Моими постоянными спутниками стали цветные карандаши и акварельные краски, в виде круглых лепешечек, наклеенные на картон. Часами просиживал я над листом бумаги, давая волю своим фантазиям.

Грянула война, я с мамой летом 1941 года эвакуировался в Башкирию. Именно там, в пятом классе, пришла мне в голову сумасбродная мысль стать художником. И теперь не могу понять и объяснить, как и почему она возникла. Ведь талантом я не был наделен, а о работе с натуры не имел ни малейшего понятия.

Между тем в школе я был уже «признанным художником». Мне поручали оформление стенгазет и других работ, связанных с рисованием. Победой закончилась война над фашистской Германией. Мне исполнилось пятнадцать лет, и встал вопрос, куда пойти учиться. Выбор пал на Орловское художественное училище, которое находилось в то время в городе Ельце.

Еще ни разу не приходилось мне одному отправляться в такой далекий путь. Не помню почему, добираться пришлось товарными поездами с оглядкой, как бы не попасть в руки милиции.

Ранним июньским утром, подъезжая к Ельцу, я с удивлением увидел красивую панораму города с множеством церквей. Этот древнейший город впервые упоминается в Никоновской летописи в 1146 году. Елецкая земля — родина многих выдающихся людей: ученых, писателей, художников, композиторов, скульпторов, артистов. В Елецкой гимназии учились писатели И. Бунин и М. Пришвин. Здесь родился композитор Т. Хренников, художники В. Мешков, Н. Жуков и другие.

Транспорта никакого не было, и я пешком отправился на поиски училища. Миновал несколько улиц, и неожиданно передо мной сверкнула, под утренними лучами солнца, река Быстрая Сосна. А на крутом противоположном берегу величественно возвышался Вознесенский собор, построенный по проекту архитектора К. Тона.
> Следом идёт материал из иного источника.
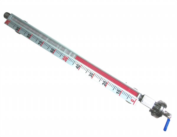 液位计是基于连通器和磁性耦合原理实现液位的实时测量。当被测容器中的液位升降时,浮筒内的磁性浮子也随之升降,浮子内的**磁钢通过磁性耦合驱动浮筒外部的磁性翻片翻转180°,翻片两面分别涂有不同颜色(通常为红色和白色),以指示液位的位置。一般地,当容器内液位上升时,翻片由白色转变为红色,当容器内液位下降时,翻片由红色转变为白色,指示器的红白交界处为容器内液位的实际高度,从而实现液位的准确测量。

Перейдя мост, я оказался в центральной части города. Узкие улочки уложены булыжниками. Дома в основном одноэтажные, но кое-где нижний полуподвальный этаж из кирпича, второй — деревянный.

Расспрашивая встречных, медленно продвигаюсь вперед и вот я у заветной цели. Передо мной старинное двухэтажное здание из красного кирпича — это краеведческий музей. Здесь временно несколько комнат занимало художественное училище. Робко переступив порог, сдал документы в канцелярию и стал осваиваться с новой обстановкой.

Подъезжали абитуриенты из разных городов, знакомились. Были среди них «ассы» с лакированными этюдниками. Держались эти ребята уверенно, жонглировали непонятными мне словами «эскиз», «композиция», «этюд». Разве можно с ними конкурировать? Ведь я не занимался ни в изокруж-ке, ни в детской художественной школе и вообще не работал с натуры.

Начались экзамены по рисунку, живописи и композиции. Рисовали карандашом натюрморт, по живописи — натюрморт акварелью, по композиции — иллюстрацию к сказке. Я выбрал «Сказку о рыбаке и рыбке» А. Пушкина. Многое пришлось пережить, ведь для меня все было в новинку.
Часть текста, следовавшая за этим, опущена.